Of the four most ancient known Asian dog breeds, the shar-pei was the first to diverge from a wolf ancestor, suggesting it is the oldest known Asian breed. This dog is famous for its deep wrinkles and blue-black tongue. Mutations of the same gene that causes wrinkles in these dogs can also cause wrinkling of human skin.
The days of training a dog with treats and pats could be numbered, according to a new study which shows that dogs are sometimes quicker at learning by imitation than by the old fashioned reward and punishment, or clicker learning approach.
The study is the latest to show that the most popular approach to training dogs underestimates the canine ability to imitate behaviors that they see their masters perform. It's also the first to put what's called the "do-as-I-do" approach for training dogs right alongside the old operant conditioning approach, in which dogs behaviors are directly reinforced with the aid of a clicker.
If the new research is confirmed, it could mean more legitimacy for the do-as-I-do training method.
"We compared the efficiency of the do-as-I-do method, which relies on social learning, with that of a training method that relies on individual learning (shaper/clicker method) to teach dogs three different kinds of object-related actions," explains Claudia Fugazza and Adam Miklosi of Eotvos Lorand University in Budapest, Hungary.
In order to keep the two kinds of training comparable, the researchers enlisted dog/owner pairs who had previously earned a certificate for either type of training.

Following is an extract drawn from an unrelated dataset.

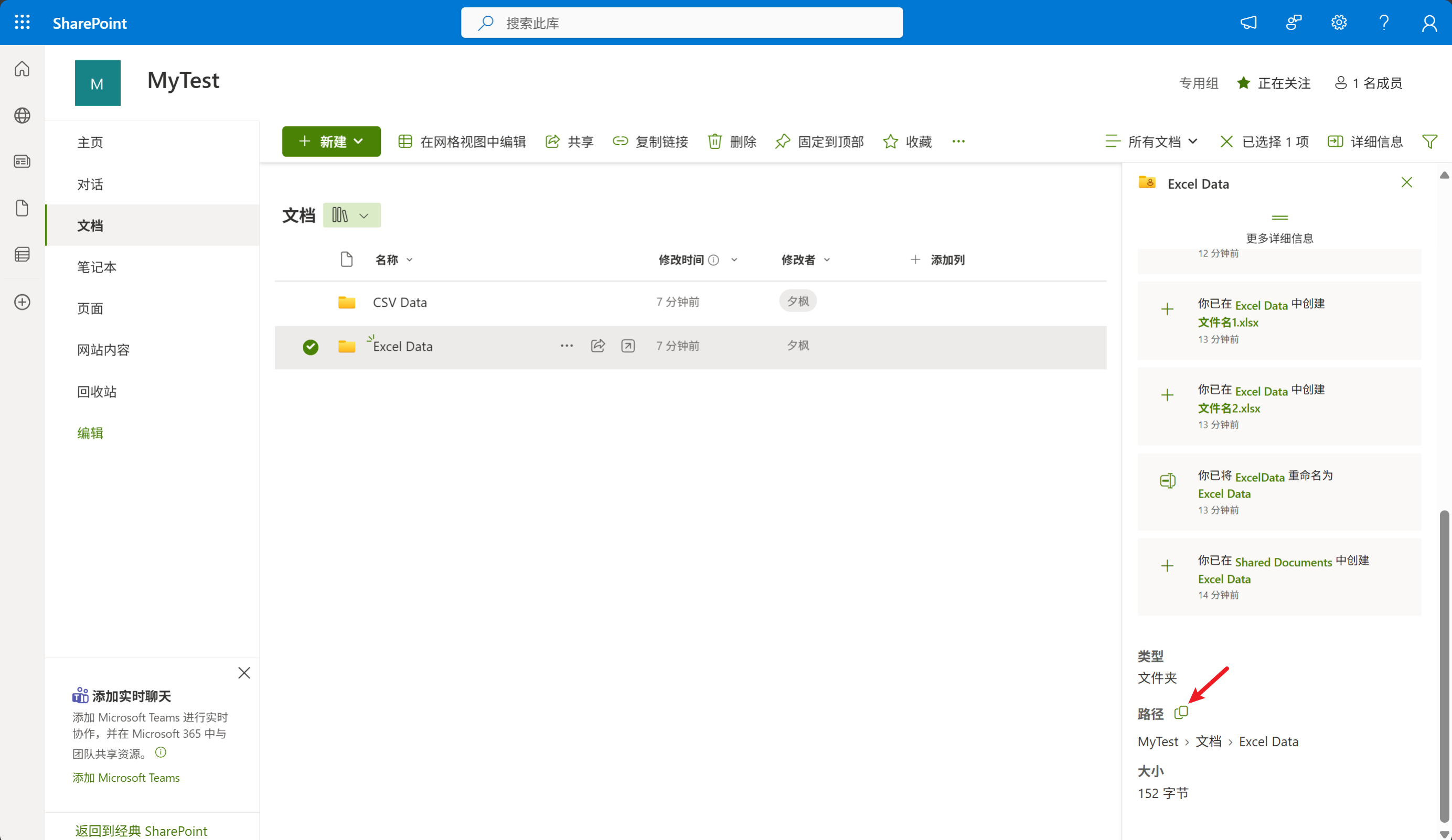 最后,再把文档替换成英文,即:Shared Documents,再把分隔符改为斜杠或反斜杠即可得到完整路径。如上图所示的Excel文件的完整路径应该为:Shared Documents/TestFolder/文件名1.xlsx

They were tested on training new actions ranging from simple to complex and sequences of two actions, in three separate sessions, using the training method for which they were certified. In each case the owners had 15 minutes to train their dogs to perform the new actions.
"Enrolling unexperienced dogs would have meant first exposing them to preliminary training, before both the methods would show their best results," said Fugazza. "Testing (pairs) that achieved a training certificate for either method, we were able to have two groups that were comparable regarding their skills and experience in training. Of course this cannot completely rule out individual differences in owners' skills, but this was the best way to eventually minimize them."

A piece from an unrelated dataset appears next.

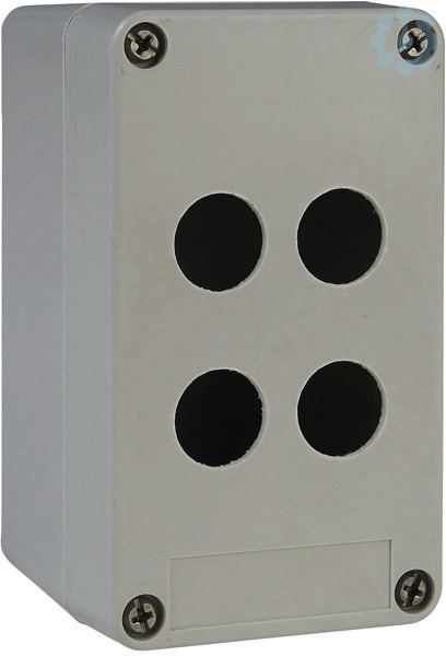 Leeres Steuergehäuse aus Kunststoff, 4 Öffnungen in 2 Spalten. Es ist Teil der Baureihe Harmony XAP, XB2 SL Metallgehäuse, für Harmony XB4.

The traditional shaper/clicker approach first trains dogs to associate a loud clicker sound with a treat, in true Pavlovian style. Then the clicker can be used as a positive reinforcement for the right behaviors as a dog is trained to perform parts of what together become more complex tasks.
The do-as-I-do method, on the other hand, involves initially conditioning dogs to pay attention to the owner who performs whatever action they want the dog to learn. The dog is trained to then try and imitate an action when told "Do it!" The owner's performance and then the dogs attempt to imitate it are repeated until the dog gets it right.
"While we did not find a significant difference between the two training methods with regard to simple actions, we found that subjects using the do-as-I-do method outperformed those using shaping/clicker training in the case of complex actions and sequences of two actions," the researchers reported in the latest issue of the journal Applied Animal Behavior Science.
Just how useful the distinction is between training methods remains to be seen, however.
"In reality you're pulling from different learning methods," said veterinarian Liz Stelow of the University of California, Davis. "Very rarely are you seeing 'I'm going to teach in one particular way.' We all intuitively go with what will work with a particular dog."
That said, Stelow says there is always a push to find a better, quicker way to train dogs -- especially assistance dogs. And since dog breeds, as well as individual dogs, vary in how they learn, she would like to see a larger study comparing the training methods which involved more dogs and more breeds.
"We believe that studies like this should benefit the practitioners working with dogs," said Fugazza. "This is a very first step in this direction, at least regarding the do-as-I-do method, and unfortunately such studies on training methods are lacking in general."